From: Andrea Righi <arighi@nvidia.com>
To: Tejun Heo <tj@kernel.org>
Cc: Matt Fleming <matt@readmodwrite.com>,
sched-ext@lists.linux.dev, kernel-team@cloudflare.com,
void@manifault.com, changwoo@igalia.com, peterz@infradead.org,
linux-kernel@vger.kernel.org
Subject: Re: sched_ext: Partial mode priority and fallthrough to EEVDF
Date: Tue, 10 Mar 2026 19:46:00 +0100 [thread overview]
Message-ID: <abBm6B7wO0iZKidR@gpd4> (raw)
In-Reply-To: <abBidFKC2Hp6Wca-@slm.duckdns.org>
On Tue, Mar 10, 2026 at 08:27:00AM -1000, Tejun Heo wrote:
> Hello, Matt.
>
> On Tue, Mar 10, 2026 at 02:52:13PM +0000, Matt Fleming wrote:
> > At Cloudflare we're experimenting with inverting the priority of the
> > ext_sched_class and fair_sched_class to allow us to pick SCHED_EXT
> > tasks to run before SCHED_NORMAL. This gives us better scheduling
> > decisions for those SCHED_EXT tasks where we can embed business logic
> > into the BPF program and prevents them being starved by the larger
> > number of SCHED_NORMAL tasks under CPU contention. There are a couple
> > of reasons we took this route:
> >
> > 1. Our workloads are heterogeneous and complex and we can't move entire
> > systems to SCHED_EXT in one shot. We want to experiment with running
> > SCHED_EXT in partial mode as we progressively onboard more and more
> > services (we run multiple services on single machines).
> >
> > 2. There's no way today (AFAIK) to run in "full-mode" and have BPF
> > schedulers fallthrough to EEVDF.
> >
> > In an ideal world, 2 is what we'd want to do. Is anyone else interested
> > in this problem or currently working on it?
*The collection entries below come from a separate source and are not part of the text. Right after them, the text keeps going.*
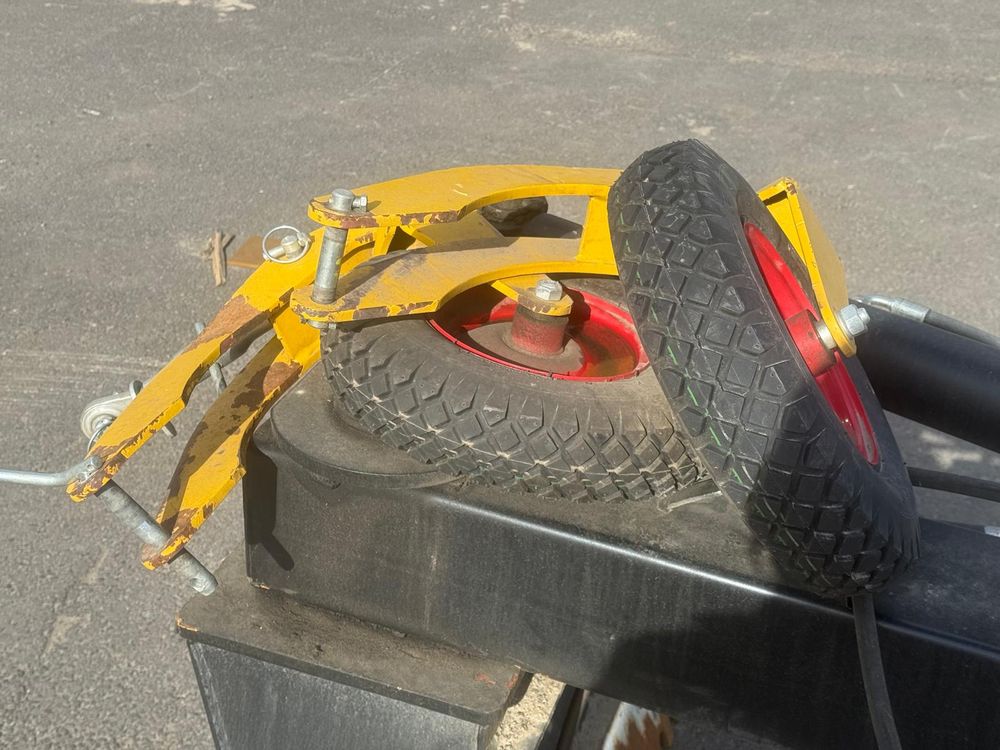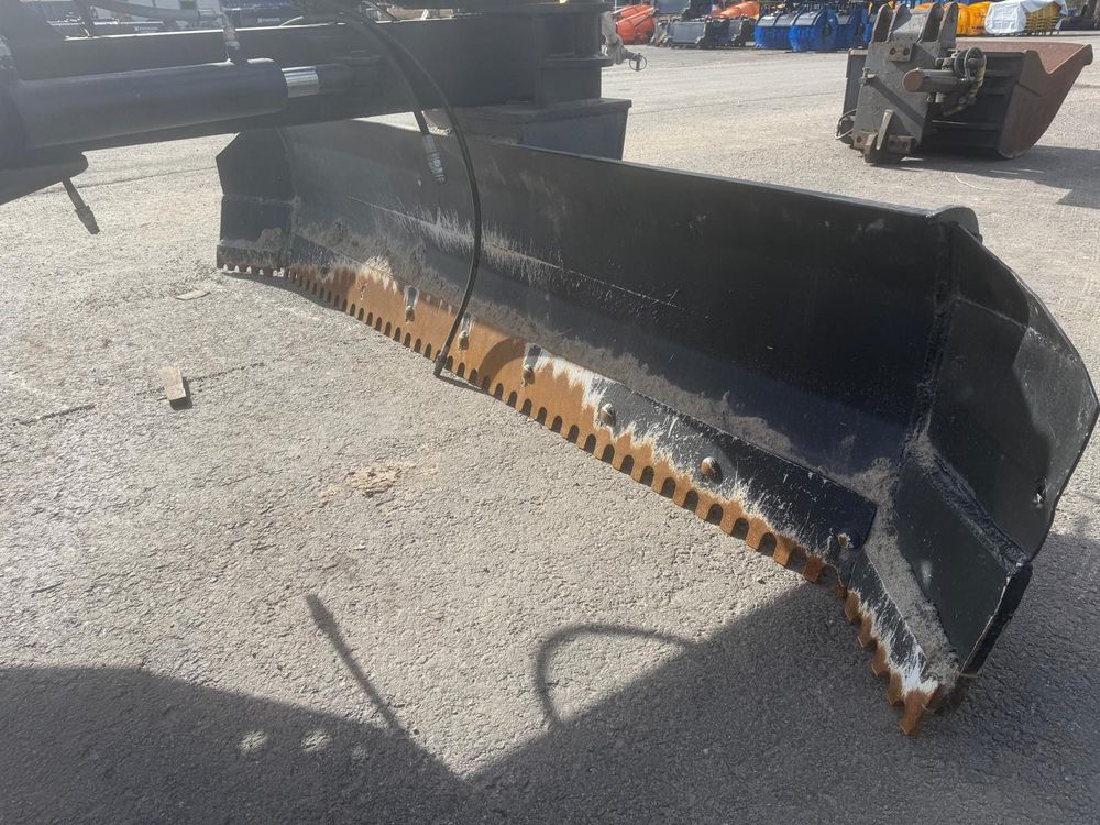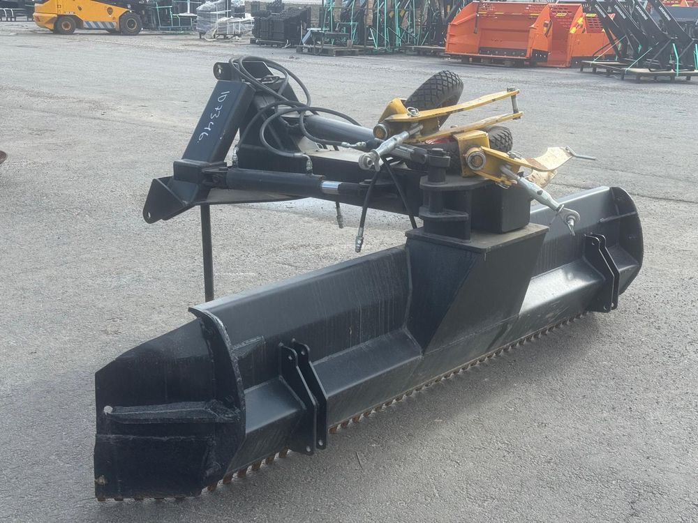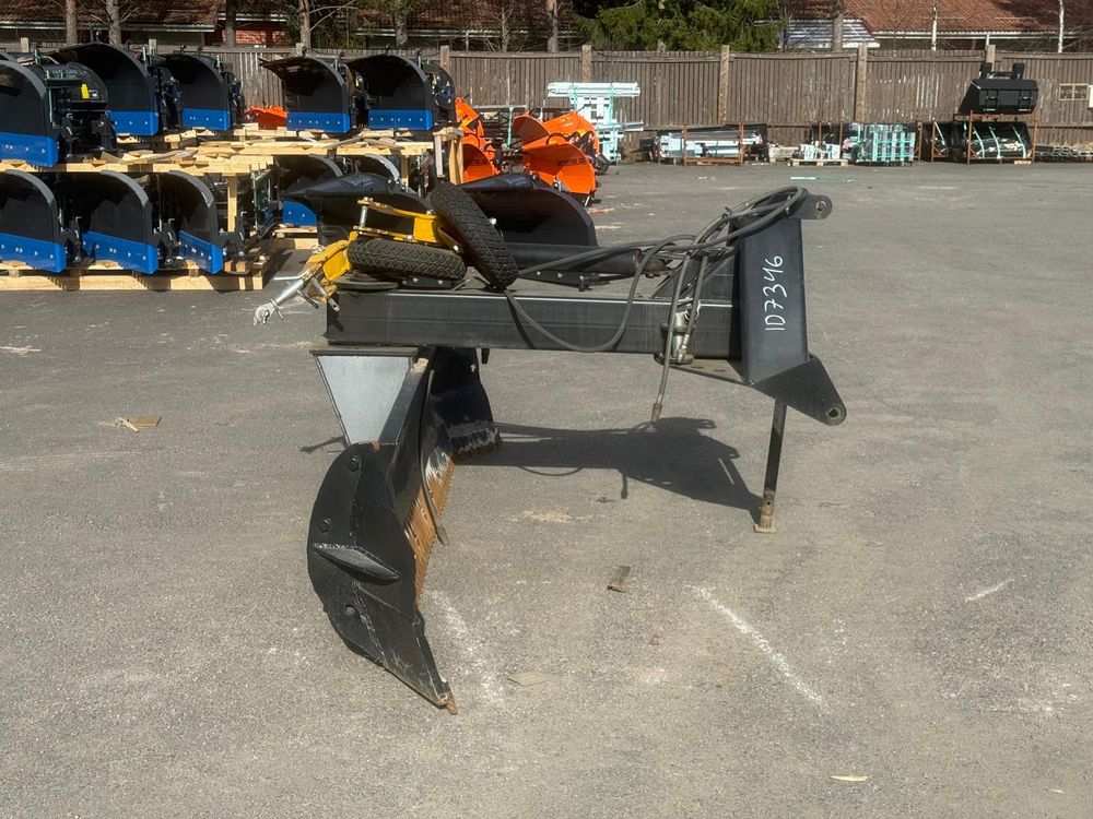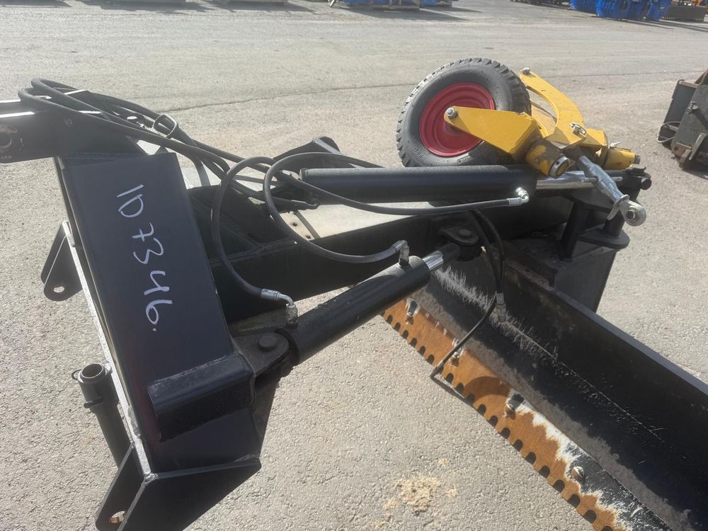 Käytetty hydraulinen takalana 70-110hv traktoreihin. Vakiona hydraulinen levyn- ja rungonkääntö. Irroitettavat ja säädettävät 4.00-8″ tukipyörät. Levynkääntö 270 astetta. Levyn korkeus 63cm. Vankka 90mm kääntöakseli. Sylinterin varsi/mäntä 50/80mm. Hyvät rasvauspisteet. Käännettävä Hardox kampaterä. Työpaino 550kg. Takalanaan tehty molemmin puolin n. 30cm jatkopalat. Tukipyörät irtona mukaan.
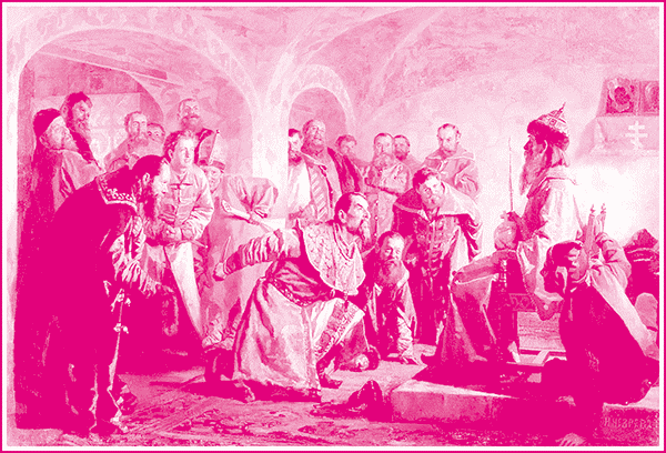 Возвращение царя. В слободу отправилась депутация из высшего духовенства, бояр и приказных людей с архиепископом Новгородским Пименом во главе, сопровождаемая многими купцами и другими людьми, которые шли бить челом государю и плакаться, чтобы государь правил, как ему угодно, по всей своей государской воле. Царь принял земское челобитье, согласился воротиться на царство, «паки взять свои государства», но на условиях, которые обещал объявить после. Через несколько времени, в феврале 1565 г., царь торжественно воротился в столицу и созвал Государственный совет из бояр и высшего духовенства. Его здесь не узнали: небольшие серые проницательные глаза погасли, всегда оживленное и приветливое лицо осунулось и высматривало нелюдимо, на голове и в бороде от прежних волос уцелели только остатки. Очевидно, два месяца отсутствия царь провел в страшном душевном состоянии, не зная, чем кончится его затея. В совете он предложил условия, на которых принимал обратно брошенную им власть. Условия эти состояли в том, чтобы ему на изменников своих и ослушников опалы класть, а иных и казнить, имущество их брать на себя в казну, чтобы духовенство, бояре и приказные люди все это положили на его государевой воле, ему в том не мешали. Царь как будто выпросил себе у Государственного совета полицейскую диктатуру – своеобразная форма договора государя с народом!
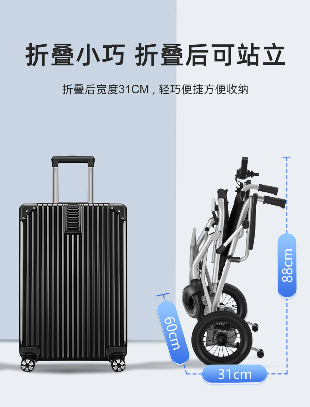8802為對折型輪椅,采用隱形折疊結構,簡潔美觀,車身對折后超薄超小巧,同時可以快拆大輪,無論是放在汽車后備箱,還是座位上都非常方便。
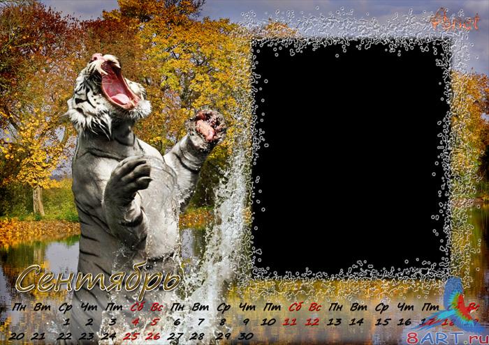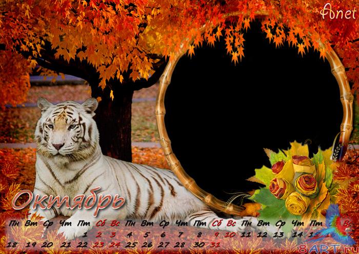 Календарь в 2010 год сообразно месяцам от вашим фото равным образом белым тигром.
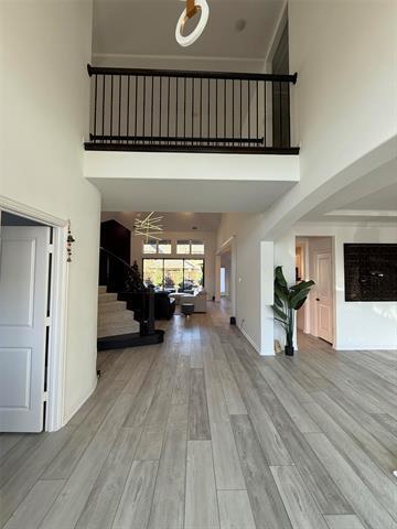 Modern 4,387 sq ft semi-custom home in highly sought-after Prosper ISD with an open floor plan, double-height ceilings, oversized windows, and abundant natural light. Contemporary black-and-white design with premium flooring throughout. Spacious 5 bed 4.5 bath layout with 2 bedrooms on the first floor, plus study, media room, game loft, formal dining, and breakfast nook. Kitchen features stainless steel appliances, a large walk-in pantry, and ample storage. Includes motorized blinds, smart and energy-efficient features, walk-in closets, and an epoxy-finished 2-car garage. Covered patio and large backyard. Community amenities include pickleball courts, walking trails, and a pond. Zoned to Walnut Grove High School, near Whole Foods, shopping, and within 30 minutes of major offices.

Is there anything coming in
> > the future that would make it easier for those of us slowly
> > transitioning to SCHED_EXT?
>
> Hmm... I have a bit of hard time following how that's different from partial
> mode. If you want the scheduler to decide whether a task should be in SCX or
> fair, you can do so from ops.init_task() by asserting p->scx.disallow. If
> you mean that you want to switch dynamically on each scheduling event, I
> don't think that's a good idea given that each hop would be full sched_class
> switch.
>
> As for the ordering between the two, I don't know. How are you using partial
> mode? No matter how you order them, the behaviors on pathological cases are
> pretty bad and I've been thinking that most would use partial mode to
> partition the system so that some CPUs are managed by SCX and others by fair
> in which case the ordering doesn't matter that much. If you're mixing the
> two classes on the same CPUs, I wonder whether this is something which can
> be better dealt with the deadline servers. Andrea, what do you think?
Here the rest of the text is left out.